This bread is pretty awesome for lots of reasons. Let's start with the fact that it's easy to make. It comes together in one bowl in minutes and bakes in under an hour! It's yeast free too, so no waiting around for it to rise and no candida issues. Oh, and it also happens to be gluten-free, refined-sugar-free, grain-free, gum-free, legume-free, nut-free, high fibre, high protein, low fat and vegan!
How? How is so much possible from an easy to make healthy quick bread? Buckwheat. Buckwheat is fast becoming my favourite flour for baking. Why? Well it's really REALLY good for you, gluten-free, grain-free and doesn't require eggs to bake into nicely textured baked goods that don't crumble into dust. What's not to love?

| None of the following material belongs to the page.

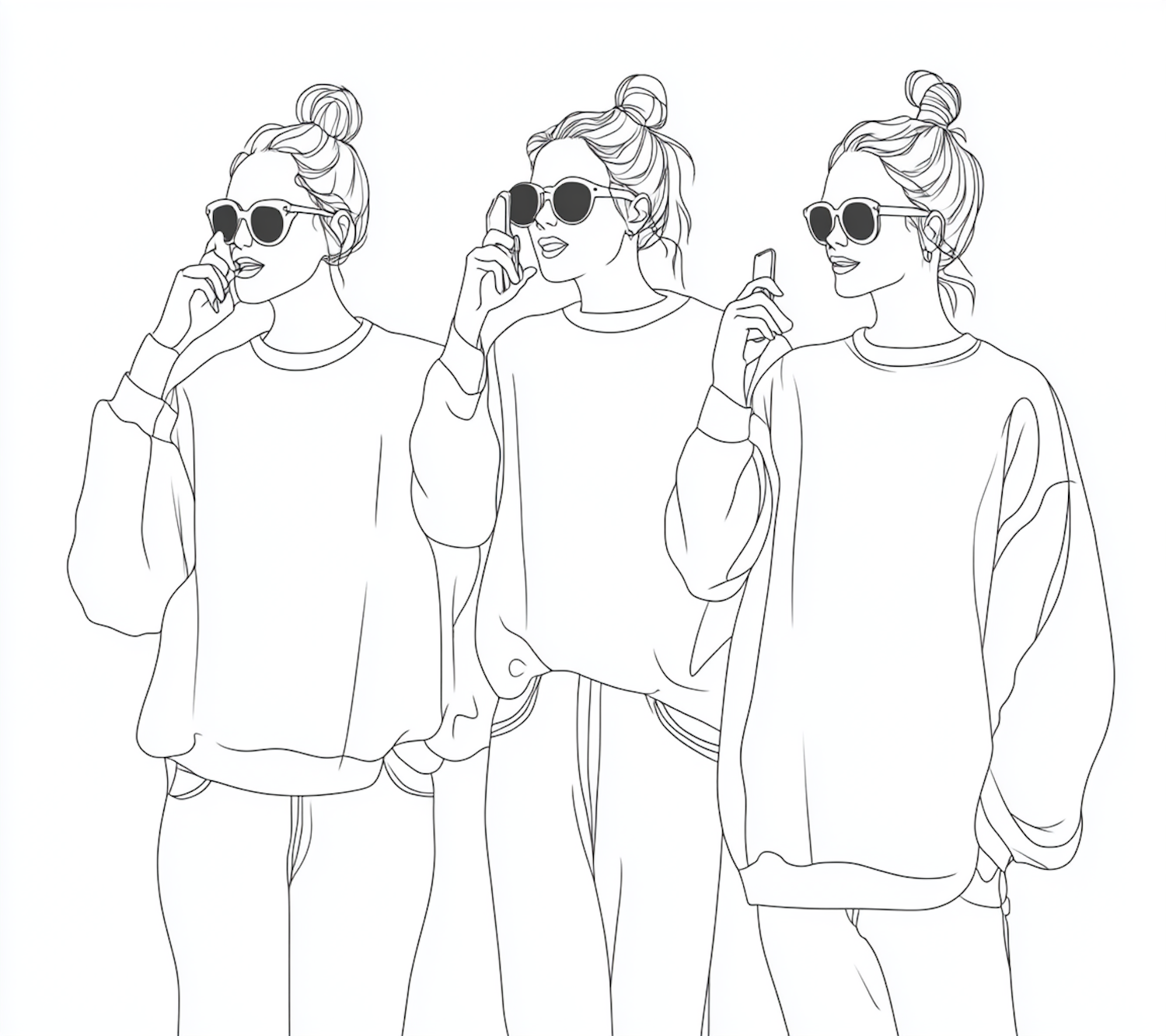 Minimalist line art of a woman in sunglasses and a sweatshirt, holding a phone. Three identical figures in different poses.
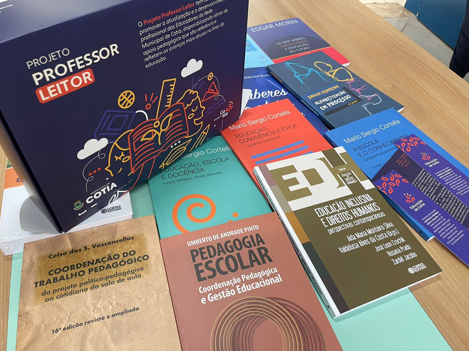 As publicações entregues para os professores são assinadas por grandes nomes da educação como: Paulo Freire, Edgar Morin, Mario Sergio Cortella, Umberto de Andrade Pinto, Cipriano Carlos Luckesi, Tizuko Morchida Kishimoto, entre outros.

While I thoroughly enjoy buckwheat in many recipes, I find it can make some baked goods almost too dense and bitter without being balanced by another lighter flour. I often use rice flour for this but in a chocolate cake recipe I made recently I decided to use quinoa flakes and wow, they worked out really well in that recipe so I threw them in this one too!
This is a really lovely gluten-free bread. It has a great texture -- dense but soft. It's not crumbly, but solid so it holds up to your toaster, and its not dry tasting like many disappointing gluten-free breads out there. This bread is closer in texture to banana bread but is not as spongy and has a bit of a crust on top.

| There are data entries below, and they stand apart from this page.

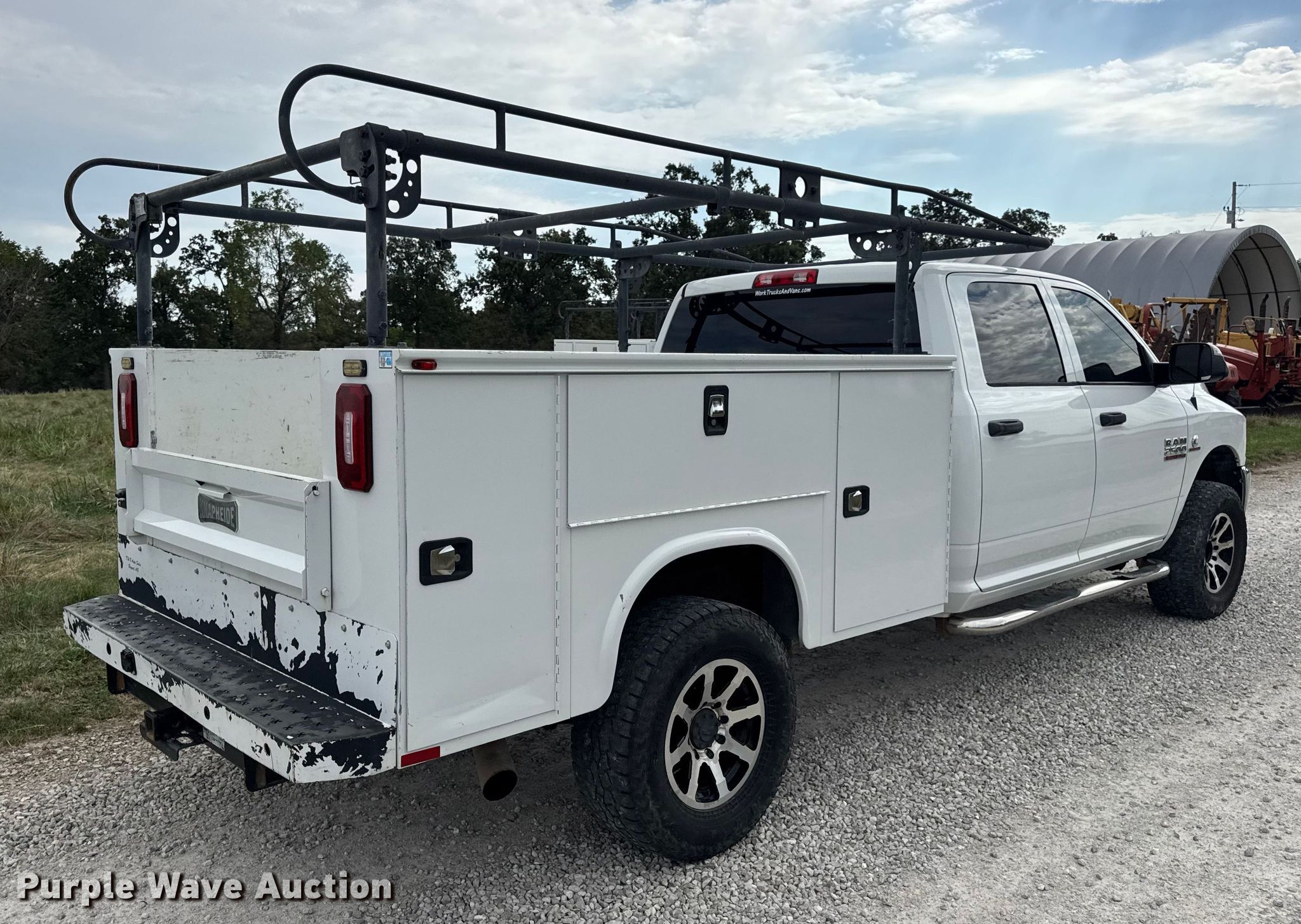 Purple Wave is selling a used 3/4 or 1 Ton Pickup or Van in Missouri. This item is a 2015 RAM 2500 Crew Cab utility bed pickup truck with the following: Miles: 183,096 on odometer, Hours: 13,274 on meter, VIN: 3C6UR5HL8FG510076
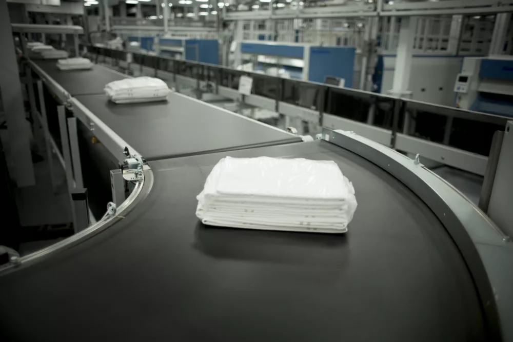 We have reduced the thickness of the essential film from 13 microns to 12, which is used to protect the integrity of our high-quality linen products and save them from dust, moisture, and other external elements during delivery and onsite storage. The shrink film process guarantees the linen arrives to our customers in its intended high quality and is kept in that condition.
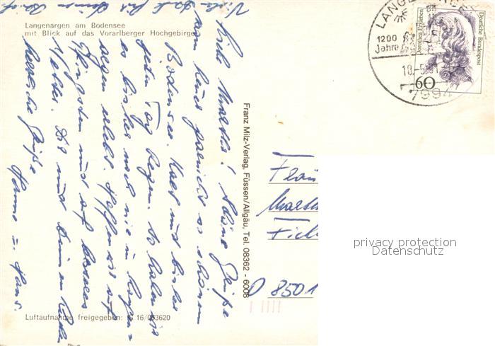 73701618 alte Postkarte Langenargen Bodensee Fliegeraufnahme postalisch gelaufen Erhaltung siehe scans [WerneD78] KatCode: 11110008435030
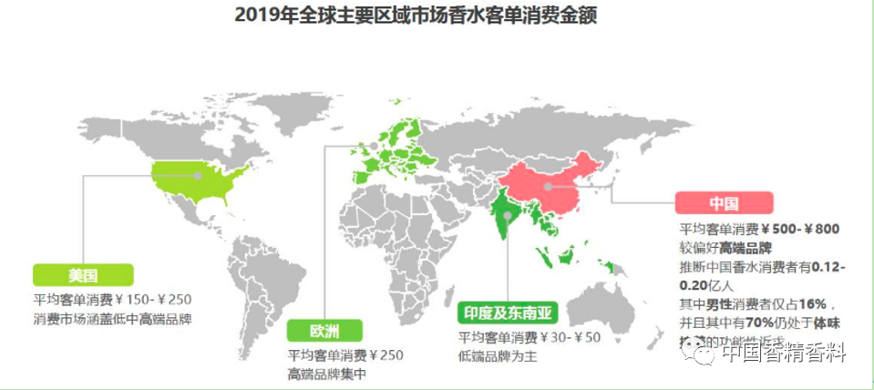 雖然我國香水消費者僅不到0.2億人,但購買能力十分可觀,客單消費金額在500-800元之間,遙遙領(lǐng)先于美國、歐洲、印度及東南亞地區(qū)。

The best part about this bread is that it is thoroughly customizable.
You'll see below I offer add-in suggestions for the basic batter recipe to allow you to easily switch up this healthy bread flavour-wise.
You can also always make the basic version of this bread and just add whatever flavourful toppings you like when its ready. I enjoyed three pieces at room temperature with coconut oil and pink salt (my first batch of bread was light on the salt so the topping needed a little). I also made my husband a delicious almond butter and dark chocolate open faced sandwich with a toasted piece of the bread and it was, well, delightful.
I hope you enjoy this bread! It's a great recipe to have on hand because it is so versatile.
Add ins + basic bread recipe = countless gluten-free bread recipes!
SuperBread [base recipe]
(Yeast-Free Buckwheat Quinoa Bread)
- 1.5 cups quinoa flakes
- 2 cups buckwheat flour
- 2.5 cups water mixed with some mineral drops
- 1 tsp baking soda
- 2 tbsp apple butter (you can use maple syrup or honey or agave, but if you don's use apple butter you will need to add 1 tsp vinegar to the batter to activate the baking soda)
- 1 tbsp coconut oil
- 1-1.5 tbsp evoo
- Big pinch pink salt (don't be shy with the salt, my first batch could have greatly benefited from more than the pinch I used)
Preheat oven to 375F.
Mix dry ingredients together in a mixing bowl of well. Mash in the oils and apple butter with a fork until well incorporated. Add the liquid, 1 cup at a time, gently blending all together using a rubber scraper/spatula.
Grab a standard size bread pan and line it with parchment paper. Scrape batter into lined pan and use spatula to smooth out the batter to the edges.
Glaze Topping [base recipe]:
- 1 tsp coconut oil
- 1 tsp evoo
- 1 tsp apple butter
- Pinch pink salt
Add all topping ingredients to a small bowl and mash together with a fork until smooth. Add dollops of it to the top of the bread. Use a knife to slightly marble the top of the bread. Place the bread in the oven centre and bake until lightly brown on top and firm to the touch.
BREAD RECIPE VARIATIONS:
CINNAMON RAISIN BREAD:
Add 1/4 cup raisins, 1 tbsp maple syrup and 2 tsp cinnamon to the batter before baking. Add 1 tsp maple and 1 tsp cinnamon to the glaze topping recipe.
Add 1/4 cup pumpkin seeds, 1/4 cup sunflower seeds and 1 tbsp whole flax seeds to the basic batter recipe before baking.
After glazing the bread sprinkle 1/4 cup mixed seeds all over the top of the bread.
Add 1/4 cup chopped walnuts, 1/4 cup chopped pecans, 1 tbsp hemp hearts and 1 tbsp maple syrup to the basic batter recipe before baking.
After glazing the bread sprinkle 1/4 cup chopped mixed nuts all over the top of the bread.
FRUIT NUT and SEED BREAD:
Add 1/4 cup chopped hazelnuts, 1/4 cup raisins, 1 tsp cinnamon, 1/4 cup pumpkin seeds and 1 tbsp maple syrup to the basic batter recipe before baking.
After glazing the bread sprinkle 1/4 cup chopped mixed nuts and seeds all over the top of the bread.
These variations on the basic bread recipe above will keep things interesting for awhile!